There are several approaches to detecting HGT, all of which are best used in conjunction with each other [16]. The first evidence usually comes from sequence similarity to a gene in a distantly related organism or in the viral host. Phylogenetic gene trees which include sequences from both viruses and cellular organisms can also provide an indication of host gene capture where virus genes group closely with homologs from the host or organisms related to the host, i.e. where gene history differs from species history [17]. Atypical base composition of a particular gene, for example a GC content that differs significantly from that of most other genes in the genome, provides another piece of evidence that HGT may have recently taken place and this approach has been used to detect host-derived regions in poxviruses [18] and other small genomes [19]. This signal, however, is expected to fade over time and therefore this approach is only useful for detecting recent HGT.

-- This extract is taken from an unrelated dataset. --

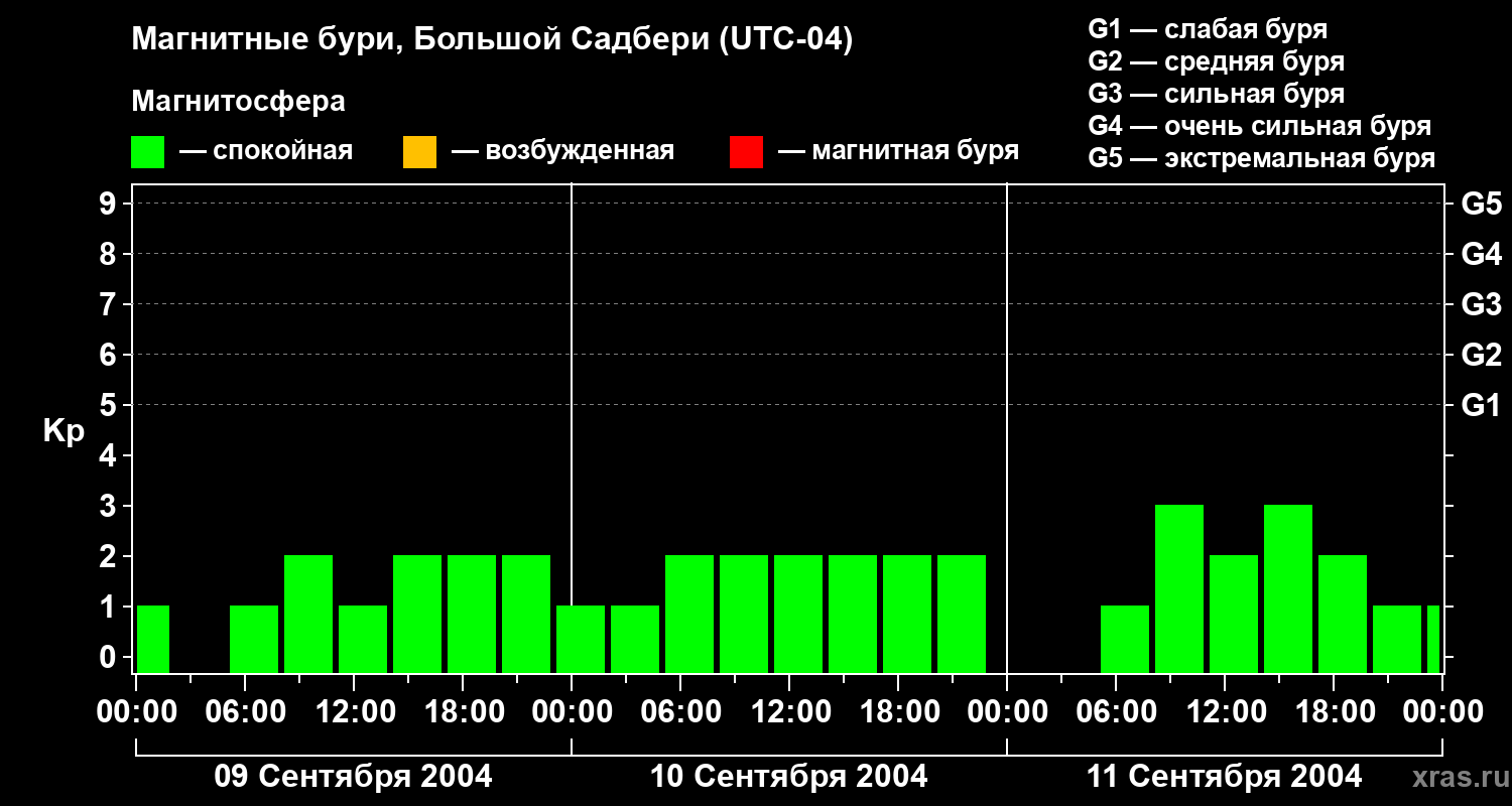 Изменения геомагнитного индекса Kp с 9 по 11 сентября 2004 года для средних широт

These difficulties are compounded when one wishes to test whether there have been multiple independent HGT events of the same gene into related viruses. This may be indicated by a polyphyletic relationship in the phylogenetic tree, but such a tree would require strong support (e.g., high bootstrap values) for several branches in order to be reliable – frequently this support is not there. A mixed pattern of presence and absence of a particular gene in a group of closely related organisms is another indication for horizontal transfer of the gene in question, but an ancestral origin with loss in some genomes can also explain this observation.

We use comparative gene order information to distinguish between a shared history of the HTgene in the virus genomes and several independent transfer events. Where a given HTgene is in an equivalent location in terms of its neighboring genes in all of the genomes only a single transfer event is supported. A HTgene that is located in a different genomic region in related viruses strengthens the case for several transfer events rather than a common origin. This is an especially strong tool in poxviruses where the gene order is highly conserved throughout the syntenic core of the genome [9, 20].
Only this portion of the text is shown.